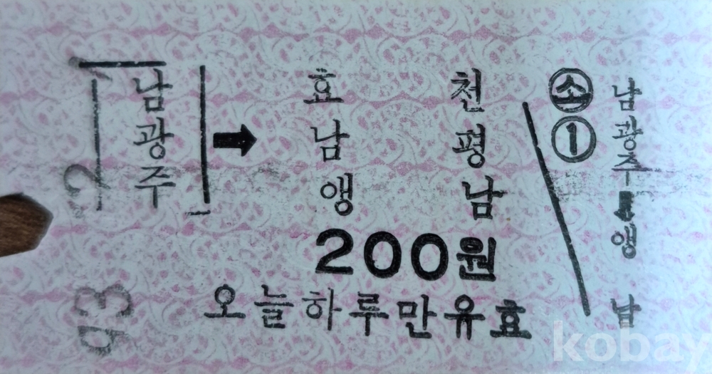 비둘기호 승차권 남광주-앵남 일반입니다.
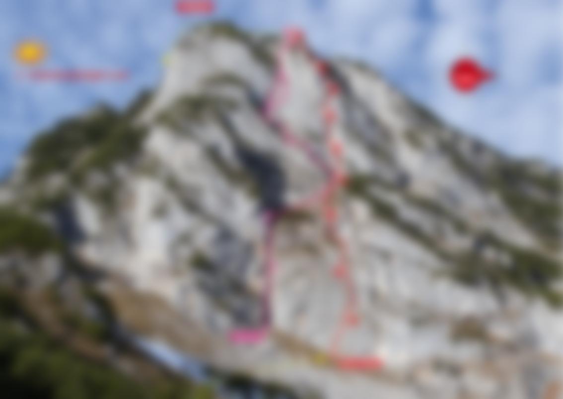 Gut mit Bohrhaken abgesichert, keine Keile und Cams erfoderlich.
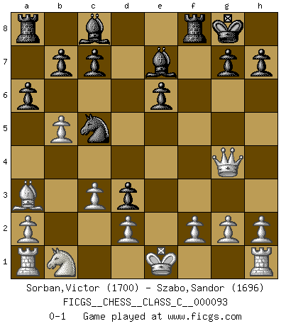 Last move : 0-1 2009 February 25 9:44:14 [Event "FICGS__CHESS__CLASS_C__000093"] [Site "FICGS"] [Date "2008.09.17"] [Round "1"] [White "Sorban,Victor"] [Black "Szabo,Sandor"] [Result "0-1"] [WhiteElo "1700"] [BlackElo "1696"] 1.e4 e5 2.Nf3 Nc6 3.Bb5 a6 4.Bxc6 dxc6 5.c3 Qd3 6.Nxe5 Nf6 7.Nxd3 Be7 8.b3 Nd7 9.Ba3 c5 10.b4 c4 11.e5 cxd3 12.e6 fxe6 13.Qg4 O-O 14.b5 Nc5 0-1 This chess game has been lost on time (started : 2008.09.17 22:41:38) Ruy Lopez : Exchange variation Kingside Castling by player Black (move 13) Player Black won this chess game. Follow this game move after move (download)Nonsense was the last thing Fischer was interested in, as far as Chess was concerned. (Elie Agur) Was ist der Unterschied zwischen einem Strassenarbeiter und einem Schachspieler? --Der Schachspieler bewegt sich ab und zu. (Anonymous) Todo se encuentra en un estado de flujo y esto incluye al mundo del Ajedrez. (Mikhail Botvinnik) Les Echecs sont affaire de jugement sensible. Savoir quand frapper et quand esquiver. (Fischer) God is an atheist. (Unknown)
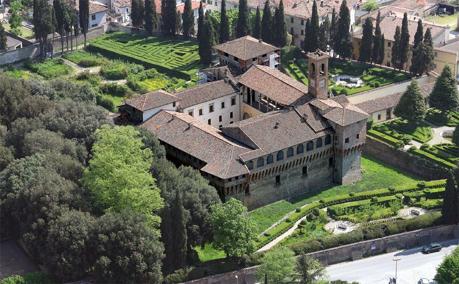 Il mirabile giardino del Castello Bufalini è incorniciato dal paesaggio urbano del centro storico della città valtiberina di San Giustino, al confine con l'Appennino settentrionale in Umbria.
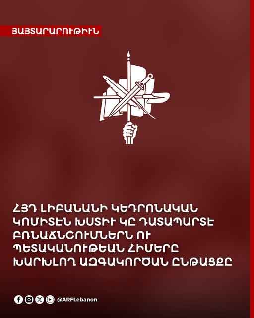 ՀՅԴ Լիբանանի Կեդրոնական կոմիտէն խստիւ կը դատապարտէ հայրենի քաղաքական դաշտը բռնաճնշելու եւ իրաւապահ ու դատական մարմինները բռնատիրութեան հաստատման գործիք դարձնելու ընթացքը, իր անվերապահ զօրակցութիւնը յայտնելով այսօր հալածանքներուն թիրախ դարձած քաղաքական գործիչներուն, ի մասնաւորի՝ Հայաստանի մեր ընկերներուն եւ մարմիններուն, ինչպէս նաեւ ազգային արժէքներու դարաւոր պահապան Հայ առաքելական եկեղեցիին։
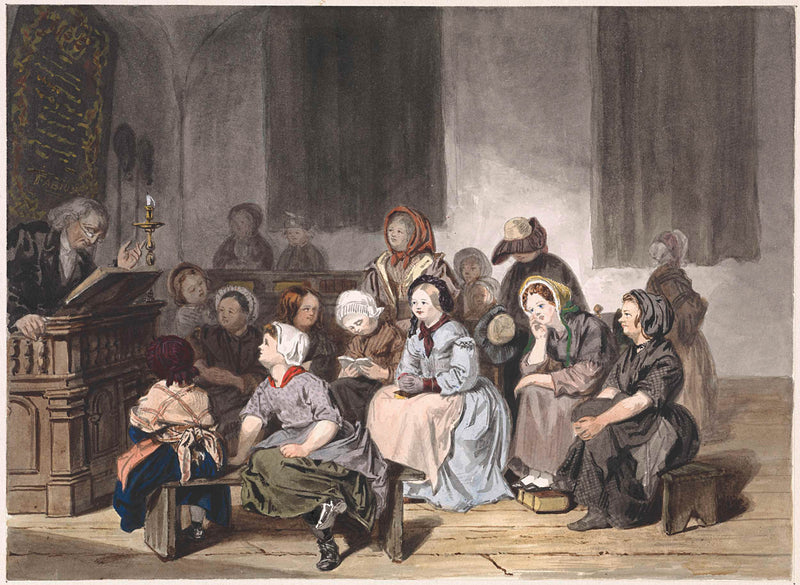 Jan Fabius Czn, 1830 - Gottesdienst mit Mädchen - Kunstdruck
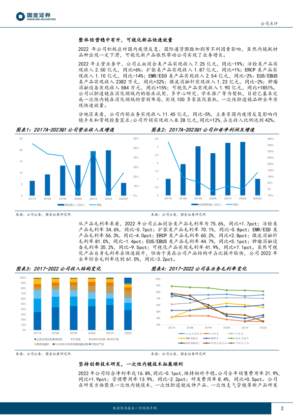我们看好公司在消化内镜耗材及一次性内镜领域的发展潜力,预计2023-2025年公司归母净利润分别为4.64、6.30、8.27亿元,同比增长41%、36%、31%,EPS分别为2.47、3.36、4.40元,现价对应PE为32、23、18倍,维持“买入”评级。风险提示医保控费政策风险;院内需求恢复速度不及预期风险;新产品研发不达预期风险;产品推广不达预期风险;汇兑风险。
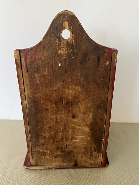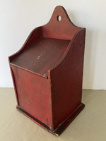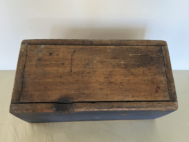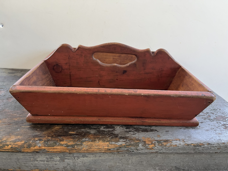 19th c. carrier in original, early, bittersweet paint. It has canted sides, small nails, and a cut-out handle. It measures 12" x 101/2" x 5" tall, including the handle. It's in wonderful condition with no issues!
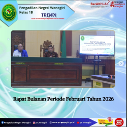 Jumat, 27 Februari 2026 bertempat di Ruang Sidang Cakra Pengadilan Negeri Wonogiri, telah dilaksanakan Rapat Rutin Bulanan Periode Bulan Februari 2026.Rapat dipimpin oleh Ketua Pengadilan Negeri Wonogiri, Bapak Andri Sufari, S.H., M.Hum. dan Didanpingi Oleh Wakil Ketua Pengadilan Negeri Wonogiri Bapak Purwanta, S.H., M.H. dan serta Hakim, Panitera , sekretaris, Pejabat Fungsional struktural, serta seluruh Pegawai Pengadilan Negeri wonogiri dalam acara tersebut juga dilaksanakan pemberian penghargaan/reward kepada Hakim dan Pegawai terbaik bulan Februari 2026
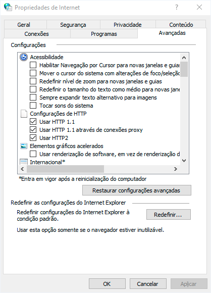 Vá na aba “Avançado” depois clique em “Redefinir”.
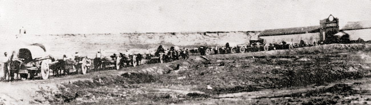 1944年8月,八路军山东军区胶东军区部队经过艰苦作战,收复大泽山区。图为向大泽山区开进的炮兵部队。
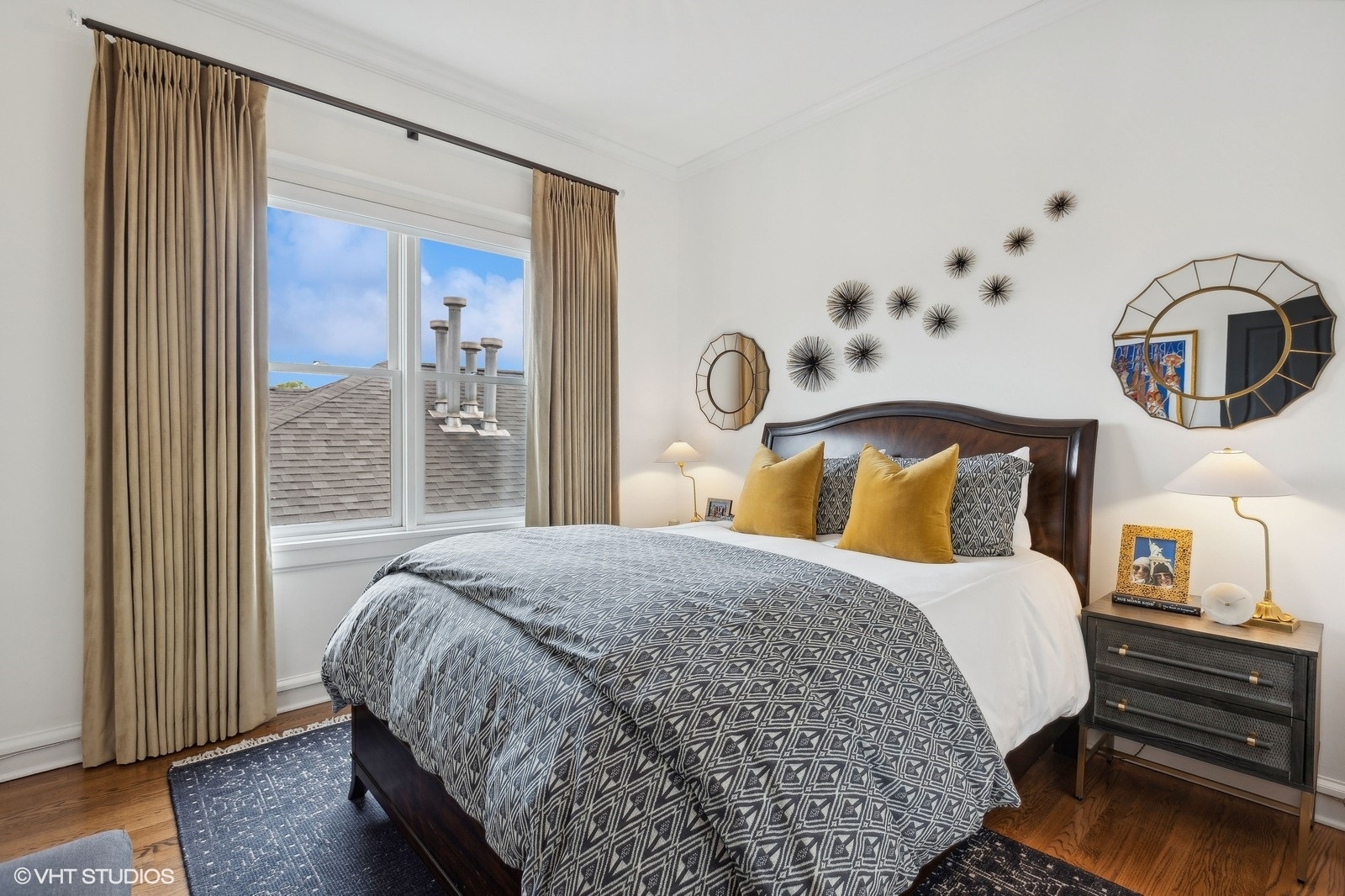 Truly a one-of-a-kind home that you don't want to miss out on! This stunning penthouse simplex unit is located on the highly coveted Burling street in East Lakeview. Enter into the grand foyer and appreciate the elegance of this 3bed/2.1bath home. Immaculate details can be found throughout from new trim, wainscoting and wood-like painted beams, to custom shades, draperies, hardware and designer chandeliers. The king size primary suite features a walk-in closet and fully remodeled primary bathroom including a clawfoot soaking tub, walk-in shower, double vanity and marble tiling. The great room includes a chef's kitchen with Sub Zero and Viking appliances, Carrera marble backsplash, quartz countertops and walk-in pantry. Also included in the great room is the custom banquette for dining, family room with a marble surround fireplace and access to the large deck perfect for enjoying summer days and evenings. Venture over to the other side of the condo for a drink and lounging in the formal living room with a stylish wet bar, cozy marble surround fireplace and front balcony overlooking Burling. Even the laundry room is luxurious--new machines coupled with custom cabinetry and wallpaper. No detail has been overlooked! Attached garage parking and storage included. Easy access to the lake, parks and shopping and dining in Lakeview and Lincoln Park and only 3 blocks from the purple/red/brown line Diversey stop.
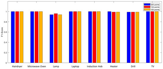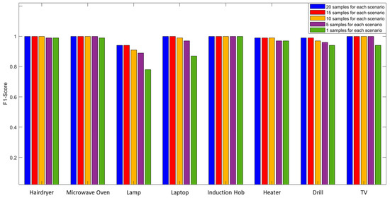 Lower performance was found in the detection of the Lamp, Laptop, and Drill. In the case of the Lamp, this is due to the insignificance of its related load compared to the overall network, while in the case of the Laptop and Drill, it is due to the extreme variability of their working conditions. However, F1-Score values of 0.78, 0.87, and 0.94, respectively, can be considered largely satisfactory for a trained system with such a small number of samples.
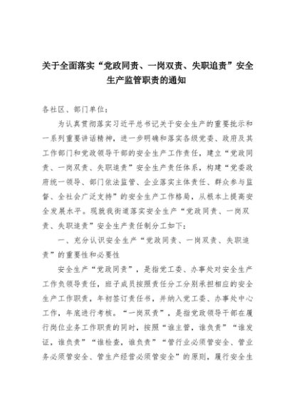 【七哥公文】2025年:全面落实“党政同责、一岗双责、失职追责”安全生产监管职责的通知(含乡镇安全生产工作责任清单)+更多免费公文+VX:QiGeGongWen2024
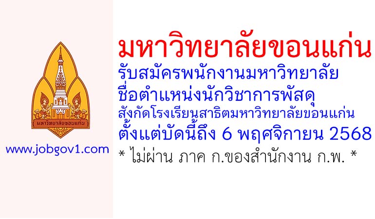 มหาวิทยาลัยขอนแก่น รับสมัครพนักงานมหาวิทยาลัย ตำแหน่งนักวิชาการพัสดุ สังกัดโรงเรียนสาธิตมหาวิทยาลัยขอนแก่น ตั้งแต่บัดนี้ถึง 6 พฤศจิกายน 2568
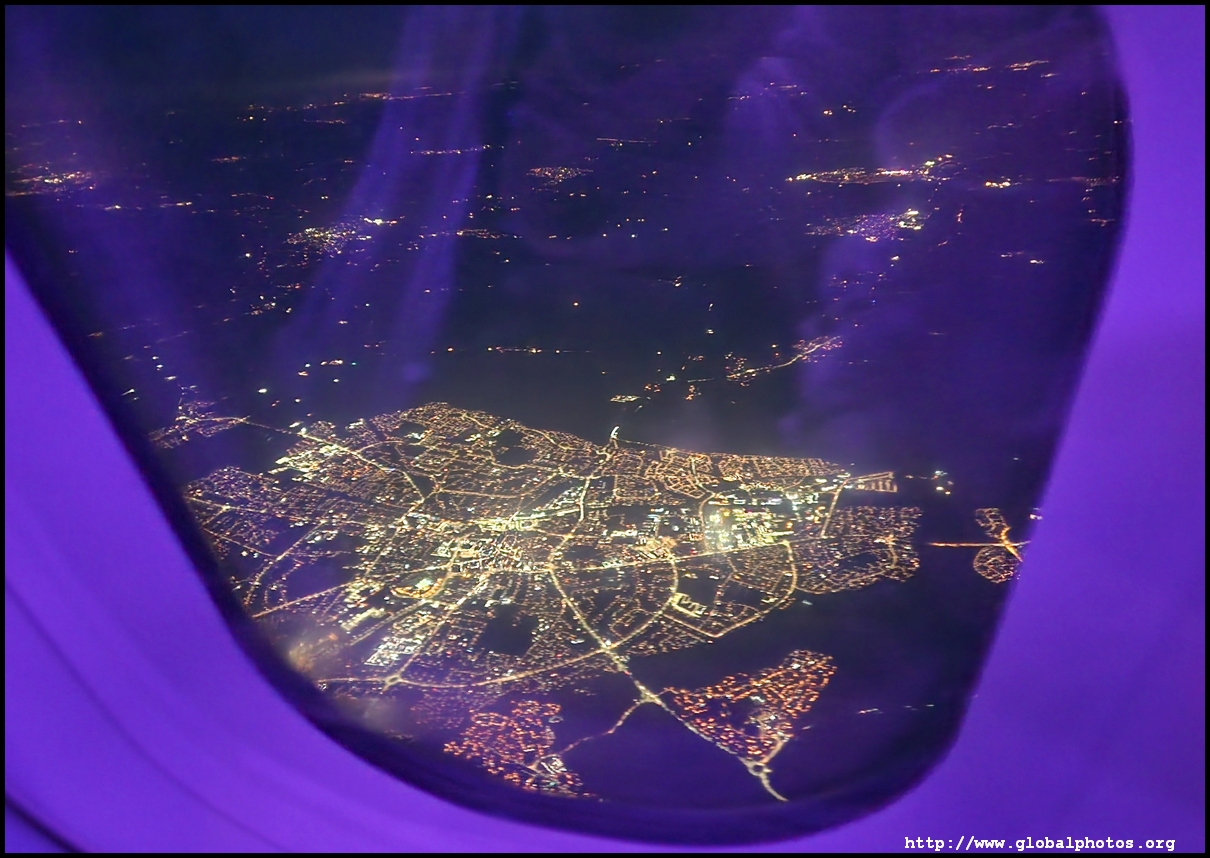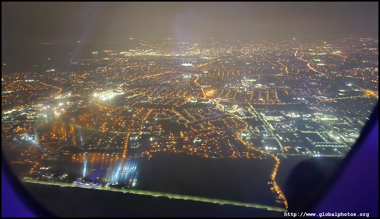 The previous flight to London was boarding at the next gate when I noticed a plane pull into my gate and passengers disembarking. By now, it was almost the flight closing time on my boarding pass - less than half hour to go. I was expecting a slight delay but surprisingly, we were able to board not long after and everything finished right on the dot at 8:15pm, the departure time, and the full flight pushed back 4 minutes later. The cockpit announcement noted a 45-50 minute journey time and we took off towards the east at 8:35pm.
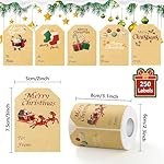 Yoget 250 Labels Chirstmas Gift Tags Stickers, Xmas Kraft Gift Tags Stickers Name Tag Labels, Self Adhesive Christmas Tag for Cards Gift Boxes (50x70mm, 6 Designs)
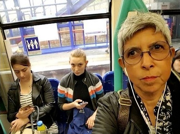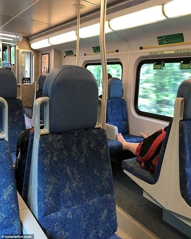 Наглая молодежь сидит на местах для инвалидов, хотя прямо перед ними стоит пожилая женщина.
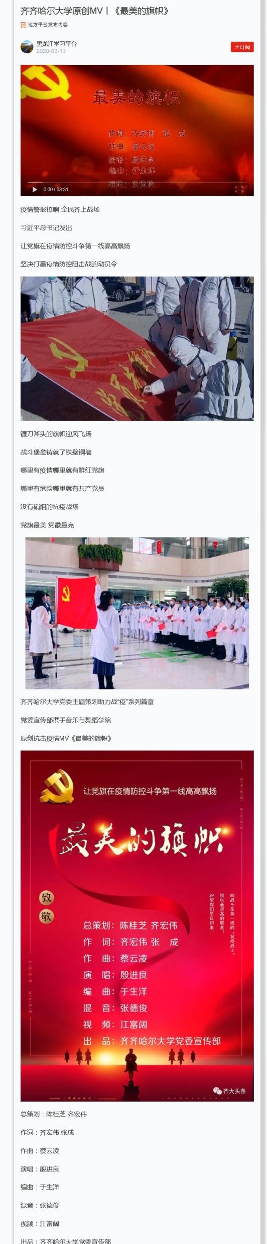 下一條:【藝術(shù)龍江】讓黨旗在疫情防控斗爭(zhēng)第一線高高飄揚(yáng)︱齊齊哈爾大學(xué)原創(chuàng)MV《最美的旗幟》禮贊英雄謳歌黨

——————————

| Task prompt |
The required answer is an exact, picture-free copy of the lines from the opening of the listing above through the line with "Gut mit Bohrhaken".

| Reply |
 비둘기호 승차권 남광주-앵남 일반입니다.
 Gut mit Bohrhaken abgesichert, keine Keile und Cams erfoderlich.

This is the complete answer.